If you want to see the sleeving lines across the barrels stop the video at 13:06 and look at the line that crosses through the letter "N" of the engraved word "LONDON"---(13 minutes and 6 seconds) and you can also see it by stopping the video a 12:55 and looking at the letter "N". It is faint but outside in the sunlight it will glow.

The worse of all visible sleeving line work that I have ever seen was the done by Westley Richards when they were learning how to do sleeve barrels, or whoever was doing it for them.

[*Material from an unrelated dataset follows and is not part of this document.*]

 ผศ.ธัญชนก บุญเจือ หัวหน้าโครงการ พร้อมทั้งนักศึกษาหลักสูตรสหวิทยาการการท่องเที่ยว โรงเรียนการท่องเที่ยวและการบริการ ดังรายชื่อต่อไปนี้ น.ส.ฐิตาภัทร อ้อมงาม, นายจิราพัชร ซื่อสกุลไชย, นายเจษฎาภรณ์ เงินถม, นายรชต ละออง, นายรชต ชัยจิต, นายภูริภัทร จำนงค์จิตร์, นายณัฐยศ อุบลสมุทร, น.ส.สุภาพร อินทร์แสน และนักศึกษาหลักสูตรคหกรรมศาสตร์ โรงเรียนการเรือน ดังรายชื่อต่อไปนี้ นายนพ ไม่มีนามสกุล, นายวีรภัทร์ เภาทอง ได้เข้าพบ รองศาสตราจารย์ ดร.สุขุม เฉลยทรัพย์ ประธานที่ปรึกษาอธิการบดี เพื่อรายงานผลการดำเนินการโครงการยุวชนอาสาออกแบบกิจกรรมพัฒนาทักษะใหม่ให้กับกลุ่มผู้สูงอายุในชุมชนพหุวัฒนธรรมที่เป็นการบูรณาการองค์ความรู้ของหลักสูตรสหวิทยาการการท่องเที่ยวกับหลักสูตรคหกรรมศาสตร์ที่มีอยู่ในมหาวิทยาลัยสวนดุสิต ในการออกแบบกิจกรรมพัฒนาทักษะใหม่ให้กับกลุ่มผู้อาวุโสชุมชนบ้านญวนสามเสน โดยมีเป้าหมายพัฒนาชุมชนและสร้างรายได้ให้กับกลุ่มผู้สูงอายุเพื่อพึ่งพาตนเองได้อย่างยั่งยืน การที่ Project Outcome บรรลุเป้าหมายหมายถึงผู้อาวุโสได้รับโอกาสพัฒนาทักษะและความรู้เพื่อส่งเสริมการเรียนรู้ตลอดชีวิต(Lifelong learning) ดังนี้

In his day Malcolm Cruxton of Price St. Birmingham did excellent invisible soft soldered sleeving and I remember Malcolm telling me how other gunsmiths would visit his shop to watch him and learn the technique. Now in his 80's he continues gunsmithing at his home shop after the Price St. premises were demolished by the city of Birmingham.

Kind Regards
Stephen Howell

Steve,
Even the best can’t hide the line all the time. There is a guy who’s local to me that has a Smythe BLE that Kirk sleeved at the height of his USA work, undoubtedly when he was doing his best work….and the sleeve line is clearly visible, the work is of course excellent (barrel striking , profiling, etc), another friend had a Blanch SLNE that Kirk sleeved a decade or so ago, the line was clearly visible on it too, in fact, it took copious amount of blacking cycles to try to blend and hide it, I’m talking 20+ cycles.
Have you ever seen the sleeving work of Nick Mackinson? He worked for Wilds in Birmingham and his job was doing the machining on the back ends & tubes for sleeving. His sleeve work I’ve see is pretty damn good too. Unfortunately, even some of his stuff isn’t “invisible”. John Fosters work was the same. The only truly “invisible sleeving I’ve seen that is consistently invisible is the tig welded jobs coming out in the last few years. Pretty amazing stuff.
Who does that here in the states? 1 maybe 2 guys I’d guess.

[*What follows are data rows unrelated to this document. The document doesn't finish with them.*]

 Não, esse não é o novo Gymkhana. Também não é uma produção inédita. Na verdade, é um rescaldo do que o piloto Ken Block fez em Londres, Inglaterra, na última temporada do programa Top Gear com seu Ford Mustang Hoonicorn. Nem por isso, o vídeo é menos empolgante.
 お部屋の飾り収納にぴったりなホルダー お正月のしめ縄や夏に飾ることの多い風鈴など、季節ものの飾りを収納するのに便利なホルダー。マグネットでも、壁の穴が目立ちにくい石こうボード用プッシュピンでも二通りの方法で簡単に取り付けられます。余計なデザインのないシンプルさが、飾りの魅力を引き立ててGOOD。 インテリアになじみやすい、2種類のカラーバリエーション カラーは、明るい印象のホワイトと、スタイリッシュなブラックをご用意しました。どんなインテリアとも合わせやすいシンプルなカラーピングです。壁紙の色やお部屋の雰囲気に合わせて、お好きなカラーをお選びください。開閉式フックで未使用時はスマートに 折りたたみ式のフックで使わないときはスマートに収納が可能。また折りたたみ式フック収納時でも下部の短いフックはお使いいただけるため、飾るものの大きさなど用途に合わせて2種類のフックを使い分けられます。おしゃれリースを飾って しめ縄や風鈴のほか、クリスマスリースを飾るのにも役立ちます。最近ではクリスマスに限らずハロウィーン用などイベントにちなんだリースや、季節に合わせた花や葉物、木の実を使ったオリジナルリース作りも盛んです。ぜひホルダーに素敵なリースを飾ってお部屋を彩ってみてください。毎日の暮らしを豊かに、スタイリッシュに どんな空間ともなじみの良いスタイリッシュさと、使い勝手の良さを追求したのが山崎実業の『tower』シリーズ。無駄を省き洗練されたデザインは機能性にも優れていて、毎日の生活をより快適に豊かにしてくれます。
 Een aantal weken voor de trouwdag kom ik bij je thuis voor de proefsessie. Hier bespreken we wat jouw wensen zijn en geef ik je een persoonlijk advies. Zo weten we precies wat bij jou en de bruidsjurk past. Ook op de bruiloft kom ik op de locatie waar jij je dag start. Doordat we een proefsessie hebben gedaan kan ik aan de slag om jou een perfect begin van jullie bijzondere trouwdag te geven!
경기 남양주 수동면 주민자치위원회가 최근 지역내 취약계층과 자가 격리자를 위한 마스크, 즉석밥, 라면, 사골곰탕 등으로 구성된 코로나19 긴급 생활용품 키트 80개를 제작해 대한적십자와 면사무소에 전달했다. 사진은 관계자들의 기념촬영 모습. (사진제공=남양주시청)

Several points of yours I’m in 100% agreement, WR sleeved guns can be absolutely atrocious. Especially when marked on the outside of the barrels. Yuck.
TIG welding for sleeving was a huge leap forward.
I think what also gets left out of the conversation is the striking and profiling of the finished tubes. That is by far probably the most aesthetically important part of the job. Having that correct profile is hard to do, takes talent, skill, trained hands and eyes, and takes hours to accomplish. I wish the video would’ve shown some of that work too.
I think the young fella did a pretty fine job.